Python SDK measurement

Terminal
$ python3 -c "
import boto3, time

client_ddb = boto3.client(
    'dynamodb',
    endpoint_url='http://localhost:4566',
    region_name='us-east-1'
)
client_s3 = boto3.client(
    's3',
    endpoint_url='http://localhost:4566',
    region_name='us-east-1'
)

# DynamoDB PutItem
times_ddb = []
for i in range(20):
    start = time.monotonic()
    client_ddb.put_item(
        TableName='test-table',
        Item={'id': {'S': f'sdk-{i}'}}
    )
    times_ddb.append((time.monotonic() - start) * 1000)

# S3 ListBuckets
times_s3 = []
for i in range(20):
    start = time.monotonic()
    client_s3.list_buckets()
    times_s3.append((time.monotonic() - start) * 1000)

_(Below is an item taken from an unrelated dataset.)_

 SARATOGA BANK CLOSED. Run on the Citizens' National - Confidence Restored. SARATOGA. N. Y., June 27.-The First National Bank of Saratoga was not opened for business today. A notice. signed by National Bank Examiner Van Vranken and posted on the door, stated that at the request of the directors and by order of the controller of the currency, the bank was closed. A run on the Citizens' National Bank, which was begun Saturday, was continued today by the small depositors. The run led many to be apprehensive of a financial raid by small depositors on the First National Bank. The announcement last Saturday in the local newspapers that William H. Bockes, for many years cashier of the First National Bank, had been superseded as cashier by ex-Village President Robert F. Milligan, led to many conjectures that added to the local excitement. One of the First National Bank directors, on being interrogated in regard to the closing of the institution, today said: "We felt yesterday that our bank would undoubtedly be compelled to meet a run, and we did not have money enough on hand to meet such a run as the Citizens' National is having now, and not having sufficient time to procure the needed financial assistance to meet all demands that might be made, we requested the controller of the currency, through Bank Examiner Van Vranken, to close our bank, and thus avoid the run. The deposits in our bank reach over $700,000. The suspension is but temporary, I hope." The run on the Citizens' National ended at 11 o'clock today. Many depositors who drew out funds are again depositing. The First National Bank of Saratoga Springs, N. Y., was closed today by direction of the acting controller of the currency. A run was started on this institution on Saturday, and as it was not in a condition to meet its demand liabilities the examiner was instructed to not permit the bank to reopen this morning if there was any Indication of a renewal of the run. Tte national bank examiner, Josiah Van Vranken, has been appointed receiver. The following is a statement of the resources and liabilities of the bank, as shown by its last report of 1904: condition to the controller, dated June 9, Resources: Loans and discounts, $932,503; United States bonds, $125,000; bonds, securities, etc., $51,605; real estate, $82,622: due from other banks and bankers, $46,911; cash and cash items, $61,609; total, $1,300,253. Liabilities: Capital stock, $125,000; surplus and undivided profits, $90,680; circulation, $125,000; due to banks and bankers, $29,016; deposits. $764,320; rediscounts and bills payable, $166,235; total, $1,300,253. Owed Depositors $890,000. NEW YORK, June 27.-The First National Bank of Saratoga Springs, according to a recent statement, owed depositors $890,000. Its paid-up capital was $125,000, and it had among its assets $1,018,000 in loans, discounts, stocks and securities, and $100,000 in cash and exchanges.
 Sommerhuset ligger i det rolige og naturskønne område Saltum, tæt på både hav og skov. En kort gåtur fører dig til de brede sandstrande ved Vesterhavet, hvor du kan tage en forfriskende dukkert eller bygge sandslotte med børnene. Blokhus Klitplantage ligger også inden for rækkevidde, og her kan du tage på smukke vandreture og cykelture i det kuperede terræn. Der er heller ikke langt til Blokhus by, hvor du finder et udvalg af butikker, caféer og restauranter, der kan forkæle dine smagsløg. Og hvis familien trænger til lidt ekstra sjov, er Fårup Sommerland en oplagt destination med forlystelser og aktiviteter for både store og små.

print(f'DynamoDB PutItem:')
print(f'  avg={sum(times_ddb)/len(times_ddb):.1f}ms')
print(f'  min={min(times_ddb):.1f}ms')
print(f'  max={max(times_ddb):.1f}ms')
print(f'S3 ListBuckets:')
print(f'  avg={sum(times_s3)/len(times_s3):.1f}ms')
print(f'  min={min(times_s3):.1f}ms')
print(f'  max={max(times_s3):.1f}ms')
"

DynamoDB PutItem:
  avg=12.2ms
  min=8.9ms
  max=15.1ms
S3 ListBuckets:
  avg=52.1ms
  min=12.7ms
  max=78.9ms

# DynamoDB matches ~8ms mean profile. S3 matches ~50ms mean profile.
# Gaussian jitter creates realistic variance around the mean.

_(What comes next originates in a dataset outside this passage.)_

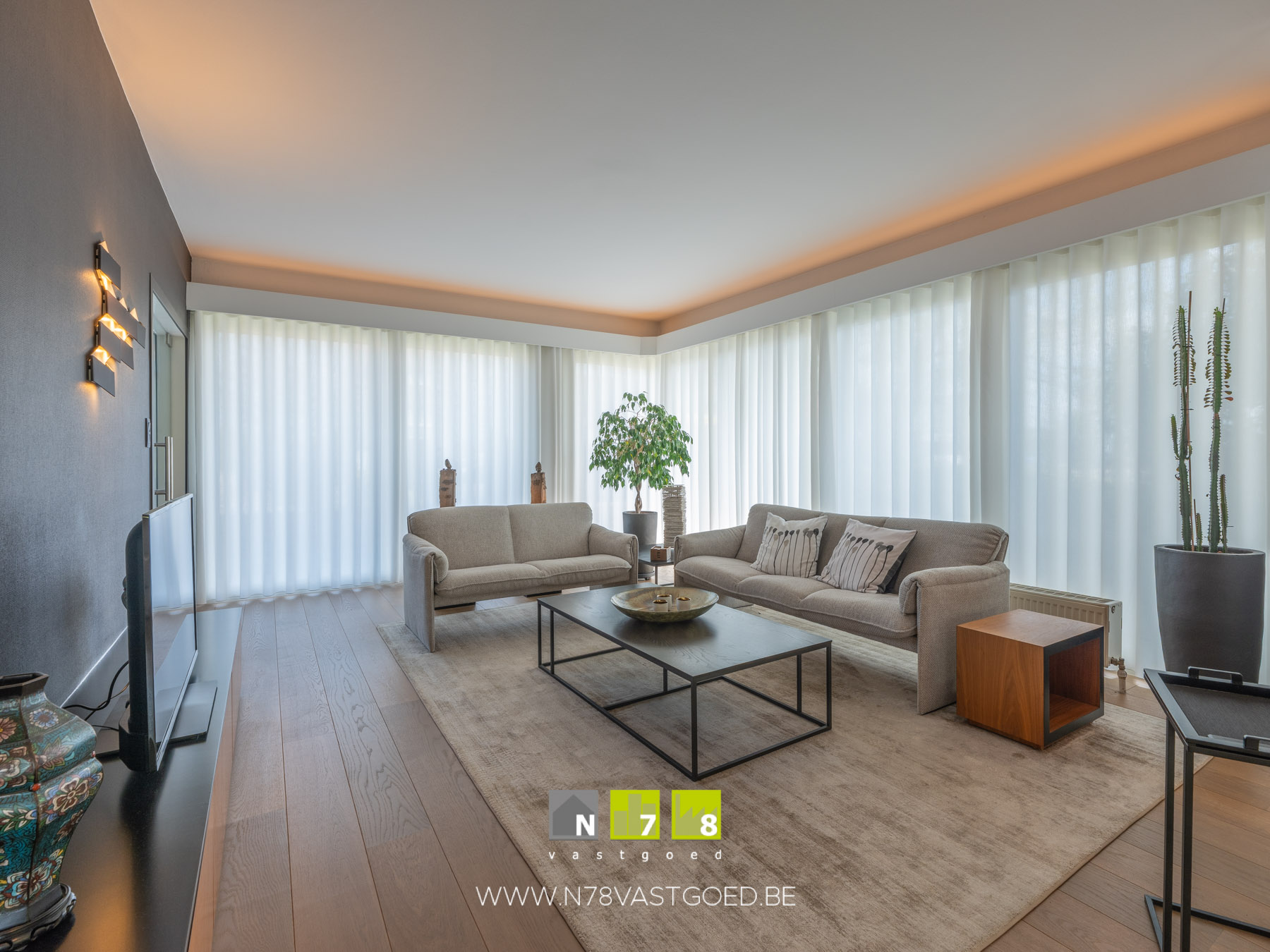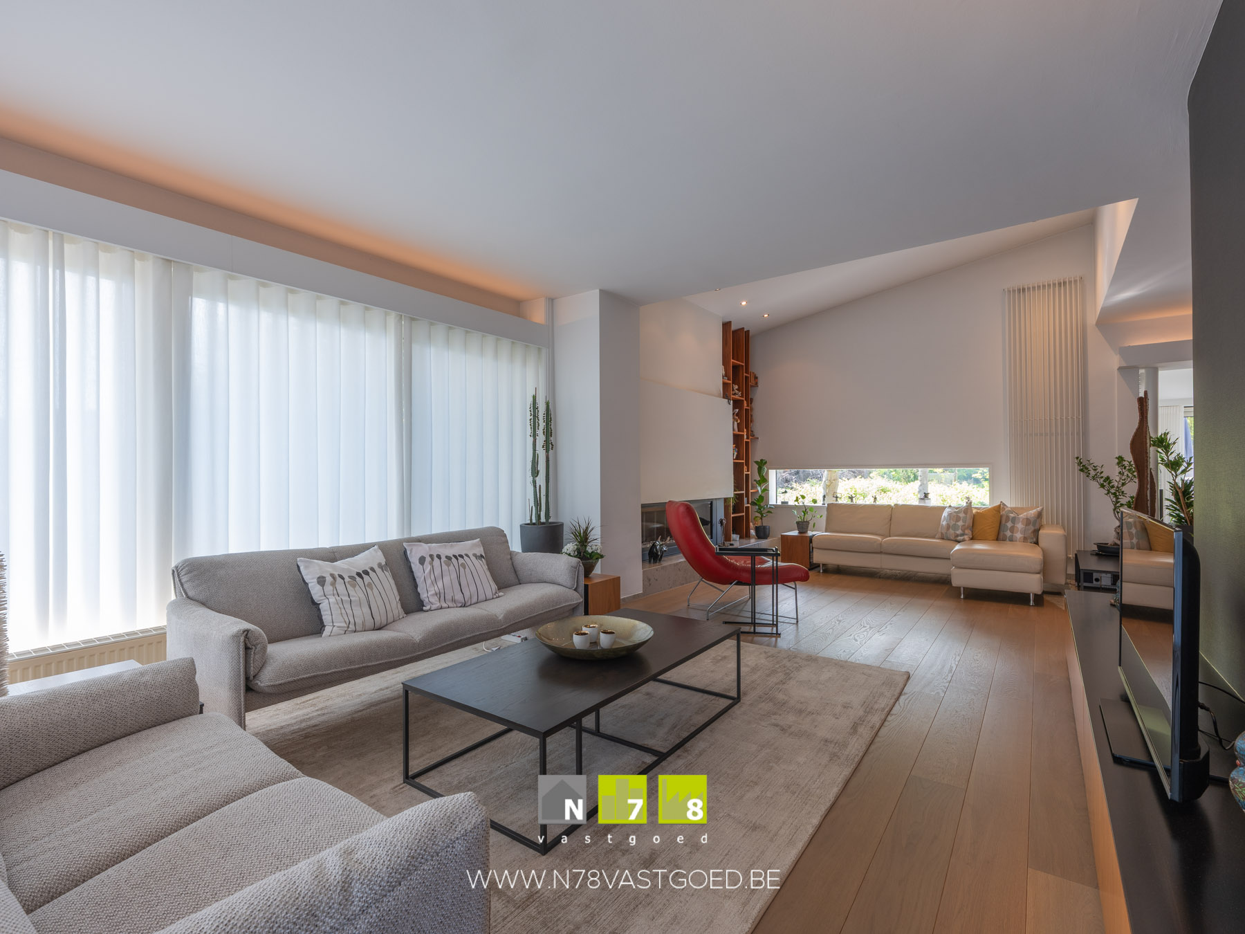 - Woonkamer (9,32m x 4,25m = 39,61m²): stijlvol ingericht met maatkasten, gashaard, veel lichtinval dankzij grote raampartijen, parket.

The SDK measurements show the real picture. DynamoDB PutItem averages 12.2ms (matches ~8ms profile + local overhead). S3 ListBuckets averages 52.1ms (matches ~50ms profile). Use time.monotonic() for accurate timing, not wall clock time.

Fixed latency mode

Terminal
$ SIMULATE_LATENCY=50 localemu start

# Every API response gets exactly 50ms added delay
# No per-service profiles, no jitter: flat and predictable

$ SIMULATE_LATENCY=200 localemu start

# 200ms delay, useful for testing timeout handling
# Verify your app handles slow responses gracefully

SIMULATE_LATENCY=50 gives every response exactly 50ms of added delay. No per-service profiles, no jitter. Useful for consistent testing, verifying performance budgets, and testing timeout handling.

How It Works

Response handler

Runs after the service processes the request, before returning the response to the client. Like real network latency.

Gaussian distribution

Each call gets a random delay from a normal distribution (mean +/- stddev). Clamped to [1ms, 5x mean] to avoid negative or extreme outliers.

Skips internal calls

Cross-service calls (e.g. Lambda invoking DynamoDB internally) skip the delay. Only the external client request pays it, the way real AWS bills network latency.

Off by default

The handler only registers when SIMULATE_LATENCY is set to something other than 0 / false / no. Calm-mode runs pay nothing.